GIVEN RECORDS:
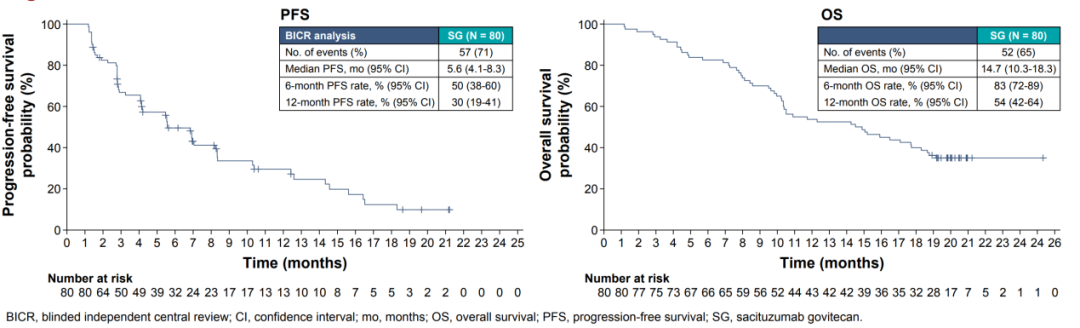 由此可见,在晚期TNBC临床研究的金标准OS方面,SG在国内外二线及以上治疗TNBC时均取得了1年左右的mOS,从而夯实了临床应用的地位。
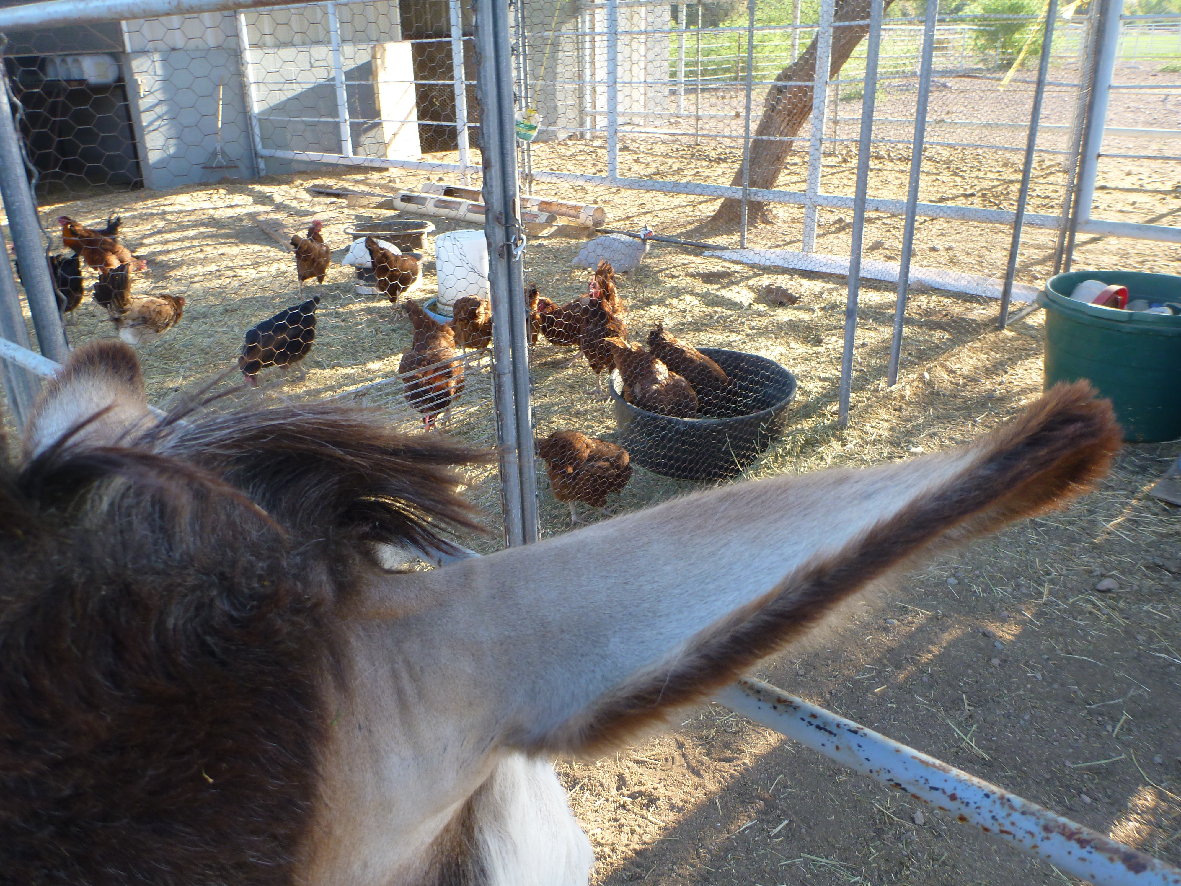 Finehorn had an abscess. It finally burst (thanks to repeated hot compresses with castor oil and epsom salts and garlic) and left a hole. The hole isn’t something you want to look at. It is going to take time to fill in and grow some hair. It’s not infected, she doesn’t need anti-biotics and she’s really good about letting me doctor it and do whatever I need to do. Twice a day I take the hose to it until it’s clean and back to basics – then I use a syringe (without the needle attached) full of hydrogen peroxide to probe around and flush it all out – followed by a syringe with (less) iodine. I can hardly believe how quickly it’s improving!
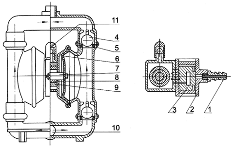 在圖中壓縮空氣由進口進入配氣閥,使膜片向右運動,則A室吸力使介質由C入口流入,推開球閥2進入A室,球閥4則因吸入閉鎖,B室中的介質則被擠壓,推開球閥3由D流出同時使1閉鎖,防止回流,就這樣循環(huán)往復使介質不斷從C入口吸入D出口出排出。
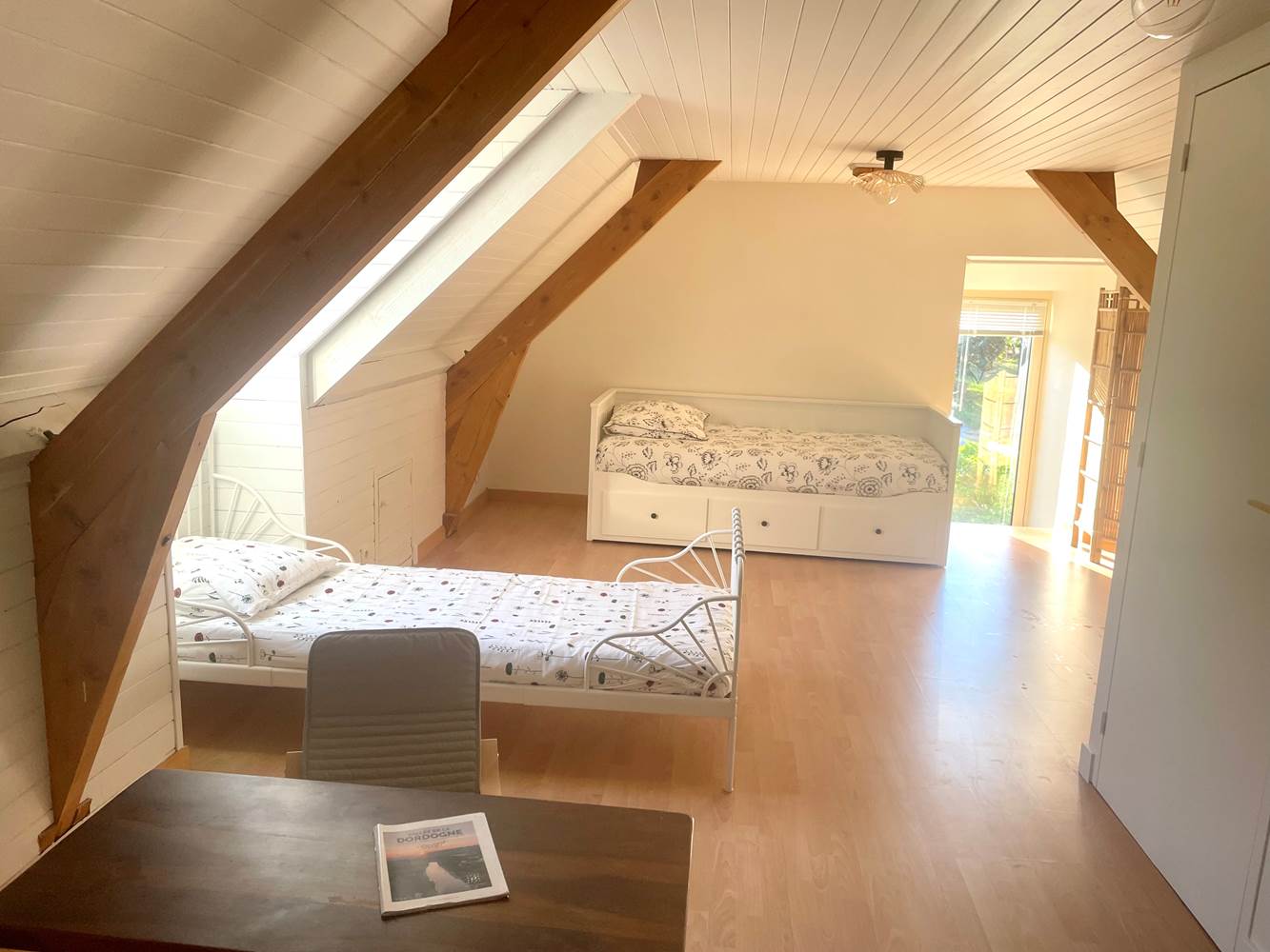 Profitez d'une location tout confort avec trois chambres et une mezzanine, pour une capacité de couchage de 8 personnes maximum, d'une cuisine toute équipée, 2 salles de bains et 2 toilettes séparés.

--

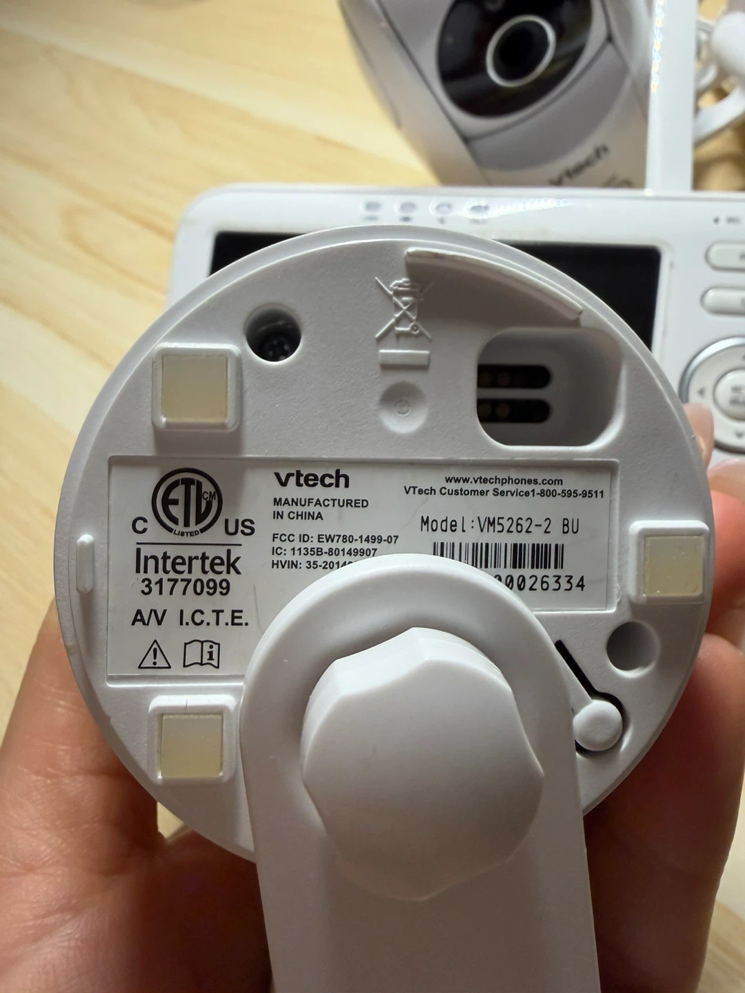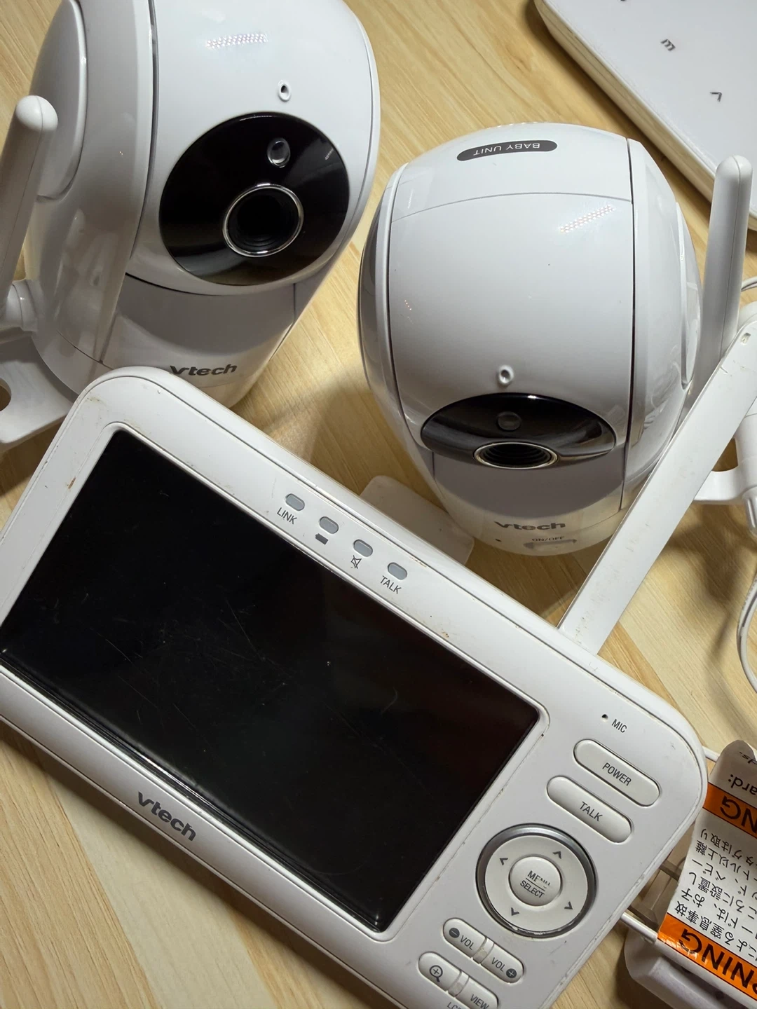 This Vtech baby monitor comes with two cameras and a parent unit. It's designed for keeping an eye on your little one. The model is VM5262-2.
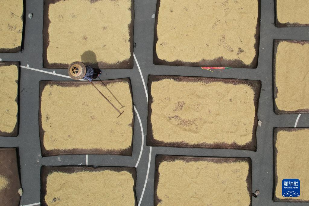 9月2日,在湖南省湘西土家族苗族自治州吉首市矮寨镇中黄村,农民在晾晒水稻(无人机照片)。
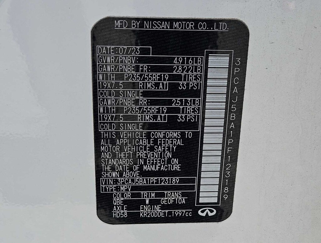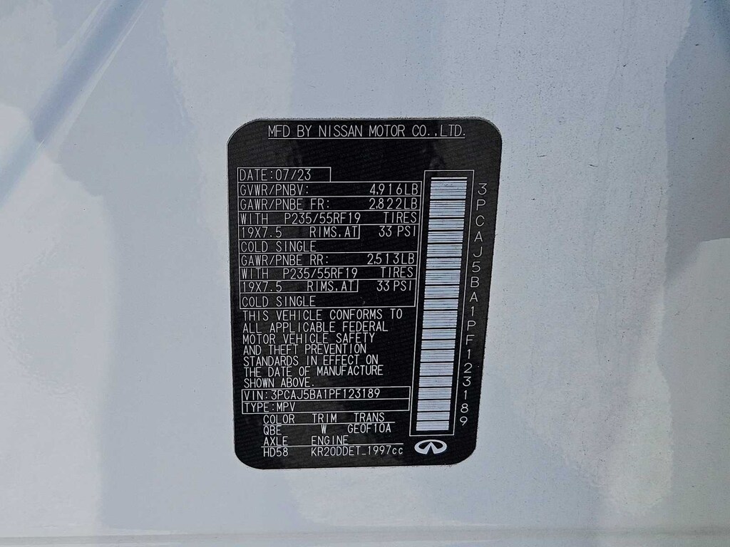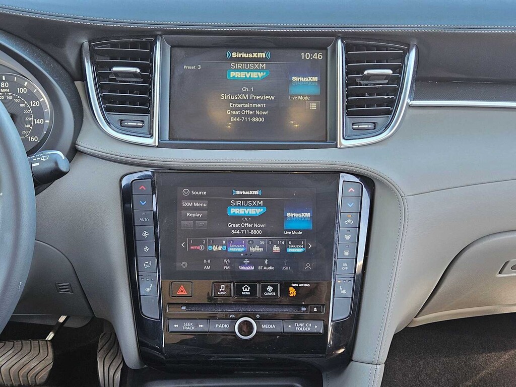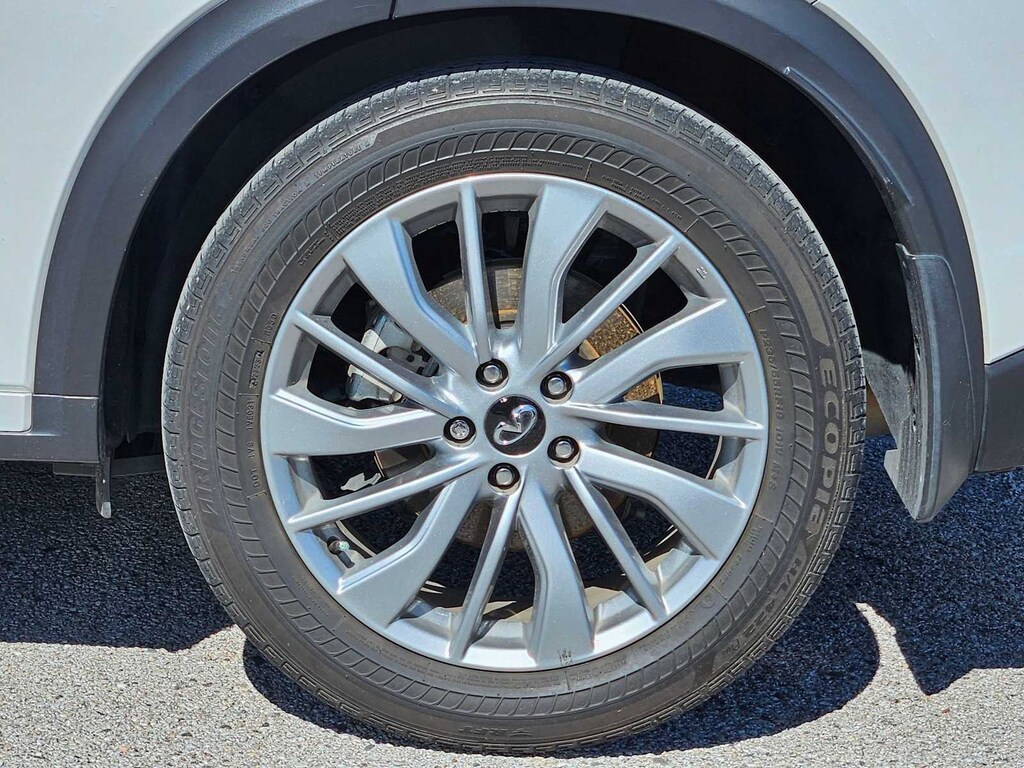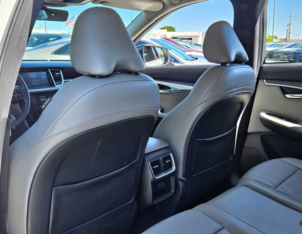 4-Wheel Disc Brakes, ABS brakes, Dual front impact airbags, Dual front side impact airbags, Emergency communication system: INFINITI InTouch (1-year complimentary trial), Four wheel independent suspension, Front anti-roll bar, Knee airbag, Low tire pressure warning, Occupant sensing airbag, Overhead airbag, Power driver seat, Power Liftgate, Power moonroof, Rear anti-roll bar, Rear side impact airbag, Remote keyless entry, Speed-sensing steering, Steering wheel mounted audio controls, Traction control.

TASK BRIEF:
Your reply should consist solely of the lines above from the line containing "Finehorn had an" up to and including the line containing "在圖中壓縮空氣由進口進入配氣", reproduced exactly, minus the pictures.

FINAL ANSWER:
 Finehorn had an abscess. It finally burst (thanks to repeated hot compresses with castor oil and epsom salts and garlic) and left a hole. The hole isn’t something you want to look at. It is going to take time to fill in and grow some hair. It’s not infected, she doesn’t need anti-biotics and she’s really good about letting me doctor it and do whatever I need to do. Twice a day I take the hose to it until it’s clean and back to basics – then I use a syringe (without the needle attached) full of hydrogen peroxide to probe around and flush it all out – followed by a syringe with (less) iodine. I can hardly believe how quickly it’s improving!
 在圖中壓縮空氣由進口進入配氣閥,使膜片向右運動,則A室吸力使介質由C入口流入,推開球閥2進入A室,球閥4則因吸入閉鎖,B室中的介質則被擠壓,推開球閥3由D流出同時使1閉鎖,防止回流,就這樣循環(huán)往復使介質不斷從C入口吸入D出口出排出。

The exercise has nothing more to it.